Por outro lado, Dalton Bianchini não tinha problemas financeiros imediatos, mas naquele dia 13, ele acordou com urucubaca. Pense em um dia que tudo sai errado? Pensou? Pois, esse foi o dia de Dalton. Saiu de casa com um mal estar inexplicável, na empresa teve que passar o dia driblando maus clientes e solucionando problemas. Se não fosse o diretor da empresa não teria saído para comprar o presente de Júlia, pareceu-lhe que todos os problemas da empresa tinham despencado de uma vez em sua mesa de trabalho. No final da tarde, deixou que o tempo e o destino se incumbissem da solução dos problemas e comunicou à secretária:
-Senhorita Sílvia, não estou mais para ninguém. Algum problema agende-o para amanhã. Tenho que ir comprar o presente de Júlia. Eu e Mary não lhe dispensamos à noite.
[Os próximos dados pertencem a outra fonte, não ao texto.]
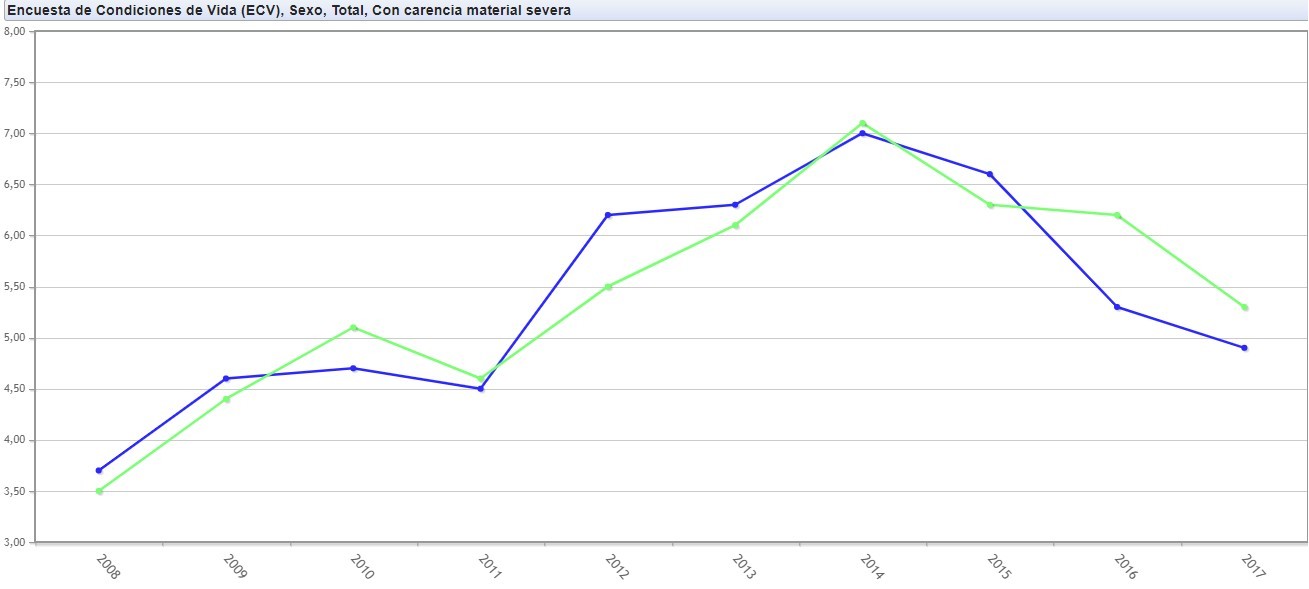 Por un lado, la tasa de carencia material severa, que mide el porcentaje de la población que atraviesa una verdadera situación de necesidad. En la actualidad, este indicador ronda el 5%, tras caer desde 2014 gracias a la recuperación económica y la reducción del paro, pero, a la vista de los datos oficiales del INE, no se observan grandes diferencias entre hombres y mujeres. De hecho, su evolución es similar en ambos sexos, hasta el punto de que la carestía entre los hombres fue superior en los peores años de la crisis.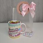 Com este charmoso kit de presente, você repensa o conceito de dar. A bolsa sacola com alça de courino garante sofisticação e durabilidade para qualquer ocasião. A caneca personalizada com tessel levará alegria e um toque de personalidade ao dia a dia do presenteado, enquanto os deliciosos bombons wafer são a indulgência perfeita para agradar o paladar. Um kit pensado com carinho nos mínimos detalhes, ideal para surpreender e encantar.

Para cumprir os maus presságios, surge um jovem inconseqüente, que entra num estacionamento de um shopping como se estivesse numa pista de mão única e fosse o dono do asfalto que estivesse à sua frente, deixando a preocupação e os riscos com o motorista que viesse à sua traseira.
VII
-Alô, é dona Mary?
-Sim, o quê deseja?
-Dona Mary, aqui é do hospital Santo Antônio... – foi abruptamente interrompida.
-Hospital? Meu Deus... O quê houve com Dalton!? – estava desesperada.
-Calma senhora, foi um acidente...
-Acidente?
-Sim, mas tenha calma, tudo está sob controle. O senhor Dalton foi atropelado por um carro e fraturou a perna direita... – foi interrompida mais uma vez.
-A senhorita me pede calma e meu marido aí hospitalizado!!! – gritou.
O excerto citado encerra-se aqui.